On Thursday’s trading session, Relmada Therapeutics Inc (OTCMKTS:RLMD) went from declining to crashing. The stock price plunged more than 12% to a close at $2.70 per share. The volume cooled off a bit, down to 333,213 shares traded. The company is clinical-stage Pharma entity working on innovative forms of currently available treatment, focusing mainly on pain medications.
The product pipeline
Relmada has several products in the pipeline and are in various phases of testing, with the most advanced product in Phase 2. In its last financial report, the company reported $31.4 million in cash and $4.3 million as the loss from operations. The financial indicate that the company has ample liquidity to support its ongoing research and development plans. Relmada is the outcome of publicly traded Camp Nine, Inc. that executed a reverse merger with the company. Following a name as well as ticker change, the surviving company is now known as Relmada, trading under symbol RLMD.
Unfortunately, even though Relmada has trappings of normal OTC Pharma operations about it, its latest movement on the chart give grounds for concern. In last few trading sessions, RLMD stock price suddenly witnessed trading in high volumes far above its average volume, consistently reporting volume of more than 200,000 shares per day.
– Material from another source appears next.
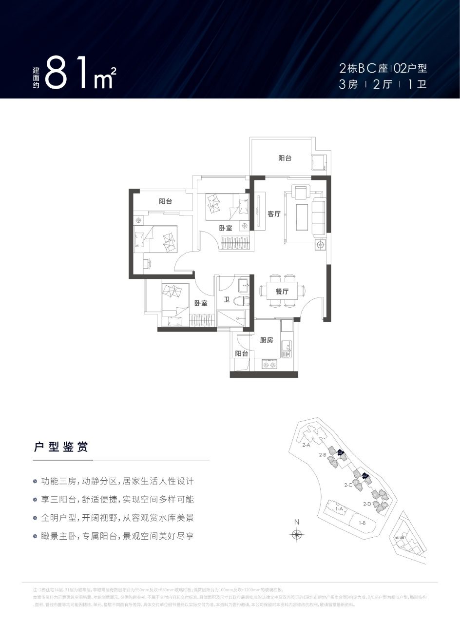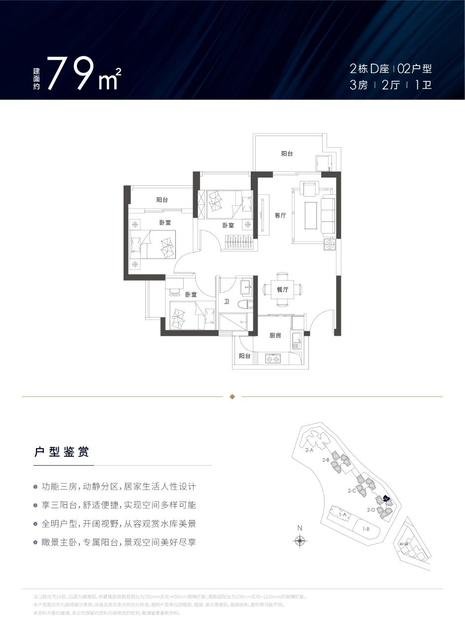 建面约78-129㎡3-4房户型,南北通透,3房3.5~3.7m,4房3.8~4.2m,罕见阔绰开间,客厅、厨房、卧室三阳台多飘窗,超高使用率。片区少有在售现楼,即见即所得,因为看得见,所以更安心。

In the past six months, Relmada Therapeutics Inc (OTCMKTS:RLMD) never once crossed even 100,000 shares in a single trading session.
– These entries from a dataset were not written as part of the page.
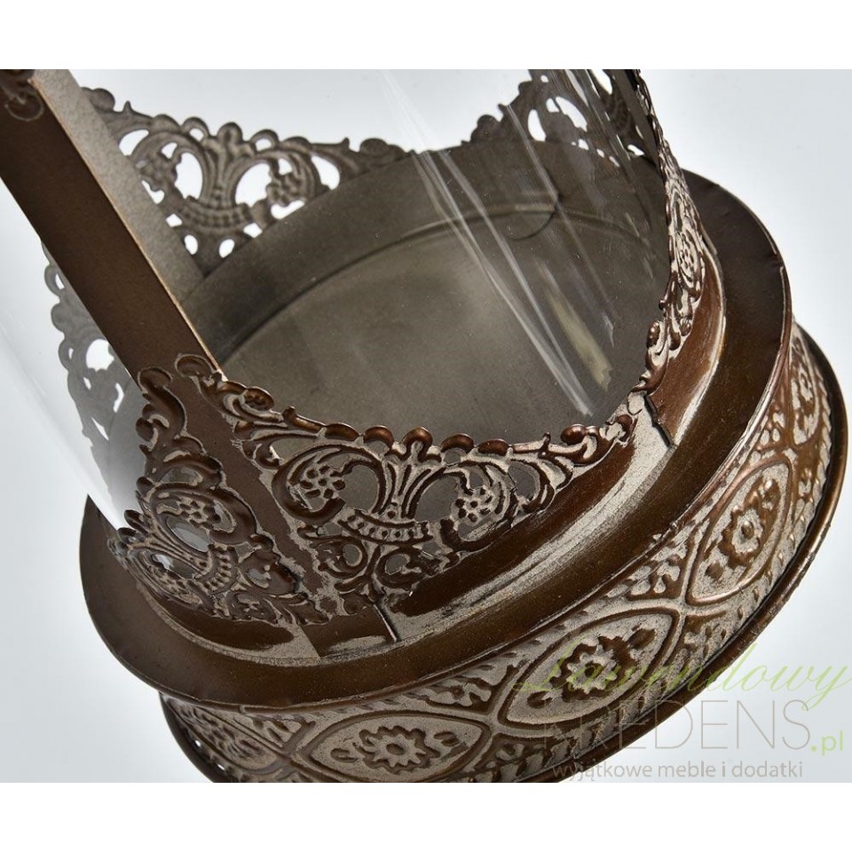 Jets to zamykany od góry na haczyk lampion szklany, który dzieki uchwytowi można łatwo przenosić. Czar całej kompozycji stanowi metalowa obudowa z licznymi, precyzyjnie wykonanymi zdobieniami z motywami roślinnymi. Światło świec dzięki takie oprawie będzie świeciło intensywniej i efektowniej.
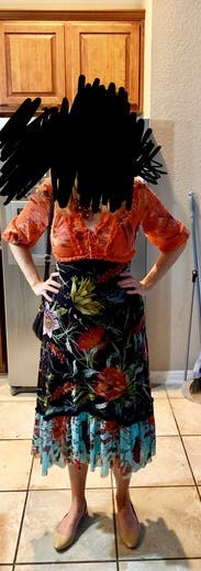I wore this to work on Dia de Los Muertos and also had my blood drawn that day. Paired with short Paul Green ankle booties but felt comfortable and pretty all day.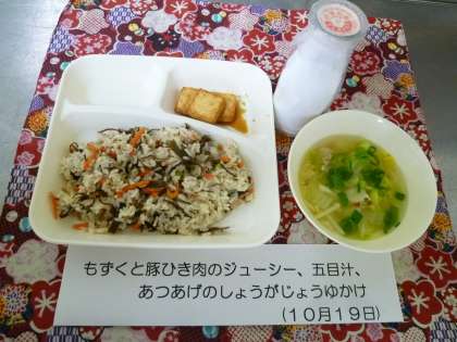 こんぶやもずくがたっぷり入ったヘルシ−な沖縄のまぜごはん「もずくと豚ひき肉のジューシー」がでました。五目汁はだしの香りよく、あつあげはしょうがじょうゆがよく合ってとてもおいしかったです。各地の郷土料理を学ぶことが今週の食の目標にもなっています。

The recent decline seems to be the pullback that a stock witness after a sharp jump in prices due to pump paper mailer. The surge in volume in last few trading sessions is due to the pump paper mailer which is in circulation. The mailer is formatted as a newspaper and the disclaimer at the bottom states that a firm named Gramercy Strategic Partners LLC paid $964,000 to advertise RLMD stock. The investors should take caution before considering any investment at this moment.